SPDX-License-Identifier: CC-BY-SA-4.0
In the CreateTrainingJob request, you specify the training algorithm that you want to use. You can also specify algorithm-specific hyperparameters as string-to-string maps. The following table lists the hyperparameters for the k-means training algorithm provided by Amazon SageMaker. For more information about how k-means clustering works, see How K-Means Clustering Works.

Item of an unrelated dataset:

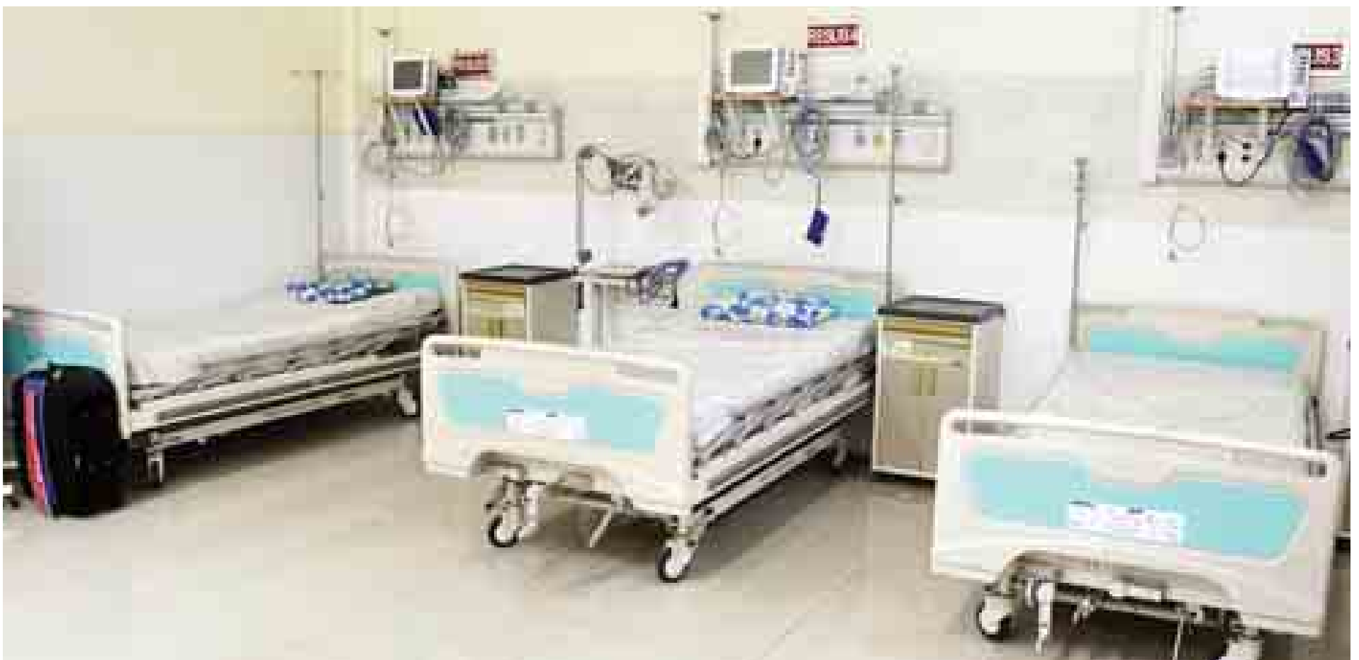
နေပြည်တော် ခုတင်(၁၀၀၀) အထွေထွေရောဂါကုဆေးရုံ အထူးကြပ်မတ်ကုသဆောင်တွင် ကြိုတင်ပြင်ဆင်ထားရှိမှုကို တွေ့ရစဉ်။

Parameter Name | Description |
---|---|
feature_dim | The number of features in the input data. Required Valid values: Positive integer |
k | The number of required clusters. Required Valid values: Positive integer |
epochs | The number of passes done over the training data. Optional Valid values: Positive integer Default value: 1 |
eval_metrics | A JSON list of metric types used to report a score for the model. Allowed values are msd for Means Square Error and ssd for Sum of Square Distance. If test data is provided, the score is reported for each of the metrics requested. Optional Valid values: Either [\"msd\"] or [\"ssd\"] or [\"msd\",\"ssd\"] . Default value: [\"msd\"] |
extra_center_factor | The algorithm creates K centers = num_clusters * extra_center_factor as it runs and reduces the number of centers from K to k when finalizing the model. Optional Valid values: Either a positive integer or auto . Default value: auto |
half_life_time_size | Used to determine the weight given to an observation when computing a cluster mean. This weight decays exponentially as more points are observed. When a point is first observed, it is assigned a weight of 1 when computing the cluster mean. The decay constant for the exponential decay function is chosen so that after observing half_life_time_size points, its weight is 1/2. If set to 0, there is no decay. Optional Valid values: Non-negative integer Default value: 0 |
init_method | Method by which the algorithm chooses the initial cluster centers. The standard k-means approach chooses them at random. An alternative k-means++ method chooses the first cluster center at random. Then it spreads out the position of the remaining initial clusters by weighting the selection of centers with a probability distribution that is proportional to the square of the distance of the remaining data points from existing centers. Optional Valid values: Either random or kmeans++ . Default value: random |
local_lloyd_init_method | The initialization method for Lloyd’s expectation-maximization (EM) procedure used to build the final model containing k centers. Optional Valid values: Either random or kmeans++ . Default value: kmeans++ |
local_lloyd_max_iter | The maximum number of iterations for Lloyd’s expectation-maximization (EM) procedure used to build the final model containing k centers. Optional Valid values: Positive integer Default value: 300 |
local_lloyd_num_trials | The number of times the Lloyd’s expectation-maximization (EM) procedure with the least loss is run when building the final model containing k centers. Optional Valid values: Either a positive integer or auto . Default value: auto |
local_lloyd_tol | The tolerance for change in loss for early stopping of Lloyd’s expectation-maximization (EM) procedure used to build the final model containing k centers. Optional Valid values: Float. Range in [0, 1]. Default value: 0.0001 |
mini_batch_size | The number of observations per mini-batch for the data iterator. Optional Valid values: Positive integer Default value: 5000 |